Hypertensie die slecht op behandeling reageert, is niet per definitie therapieresistente hypertensie. De diagnose therapieresistente hypertensie kan men pas stellen als 1) met zekerheid is vastgesteld dat de patiënt de medicatie adequaat neemt (met andere woorden, therapietrouw is); 2) wittejassenhypertensie is uitgesloten en 3) er geen sprake is van secundaire oorzaken voor de hypertensie.
Zowel in de huisartsenpraktijk als in het ziekenhuis is therapieontrouw lastig vast te stellen. Een belangrijke oorzaak van therapieontrouw bij hypertensie is dat de patiënt veelal geen hinder ervaart van de hypertensie, ook niet als hij of zij de medicatie af en toe niet slikt. Voor het vaststellen van therapieontrouw bestaan vragenlijsten over medicatiegebruik, makkelijk toe te passen en goedkoop. Dit is een subjectieve methode om de therapietrouw te monitoren. Betrouwbaarder, maar duurder en ingewikkelder, is het meten van spiegels van medicatie (metabolieten) in het bloed of de urine.
Huisartsen kunnen screenen op secundaire oorzaken. Een van de meestvoorkomende secundaire oorzaken is primair hyperaldosteronisme. Onder patiënten die naar het UMC Utrecht waren verwezen vanwege een slecht te reguleren bloeddruk kwam dit bij 11% voor.1 De diagnostiek van hyperaldosteronisme is bewerkelijk. Bloedafname en bepaling voor renine en aldosteron moeten onder zeer gestandaardiseerde condities plaatsvinden. Bij vermoeden van hyperaldosteronisme kan de huisarts de patiënt doorsturen naar een internist met hypertensie als aandachtsgebied.

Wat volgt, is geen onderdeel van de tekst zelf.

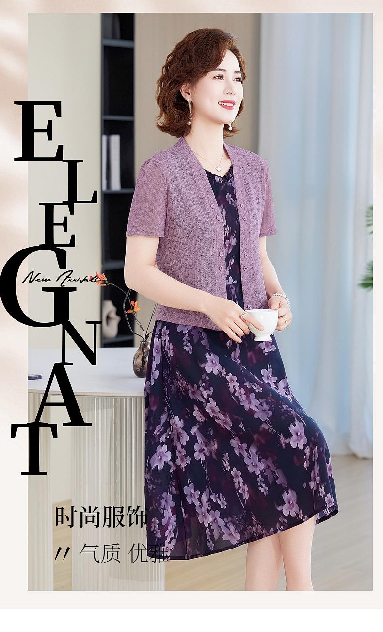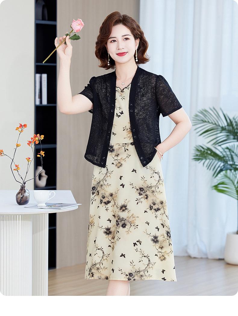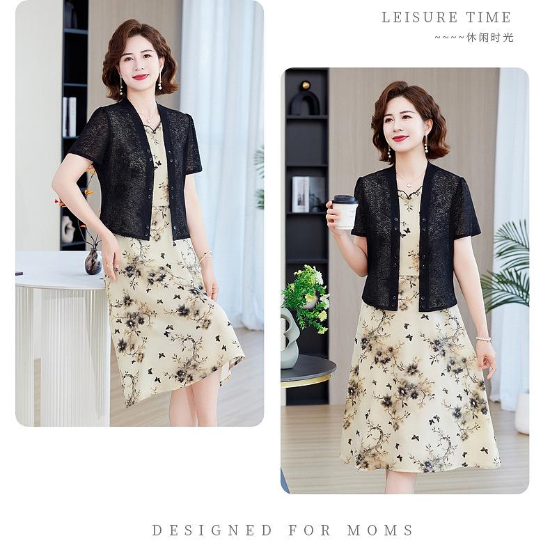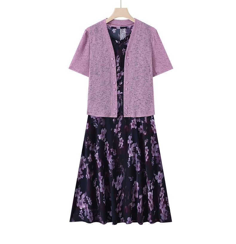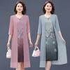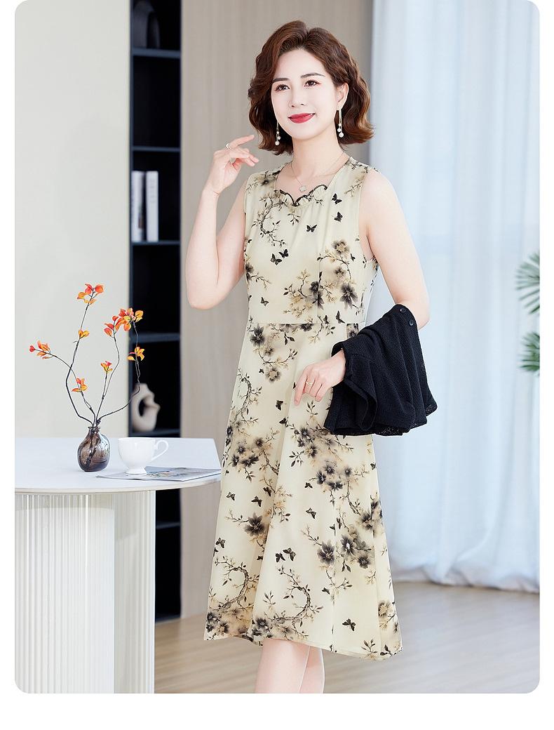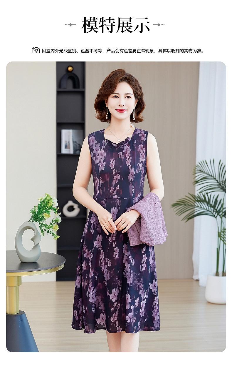 Ropa de Moda para Mujer Vestido de Madre de Mediana Edad y Anciana Conjunto de Dos Piezas Vestido Chaleco Adelgazante de Moda Estampado Verano para Mujer Delgado

Een vaak vergeten bijkomende oorzaak van hypertensie is een hoge zoutinname. Deze kan men vaststellen aan de hand van de natriumuitscheiding in de urine in een 24-uursportie. In het UMC Utrecht bleek dat bij patiënten met een slecht te reguleren hypertensie de gemiddelde inname van zout ongeveer 1,2 gram hoger ligt dan het landelijk gemiddelde van 8,8 gram/dag. Andere secundaire oorzaken van hypertensie zijn: nierarteriestenose, het obstructieve slaapapnoesyndroom, gevorderde chronische nierschade, pseudohyperaldosteronisme, coarctatio aortae, hypothyreoïdie, primaire hyperparathyreoïdie, het syndroom van Cushing en het feochromocytoom.
Een wittejasseneffect kan men aantonen door aanvullend 30 minuten non-invasieve bloeddrukmetingen, thuisbloeddrukmetingen en/of 24-uursbloeddrukmetingen te verrichten.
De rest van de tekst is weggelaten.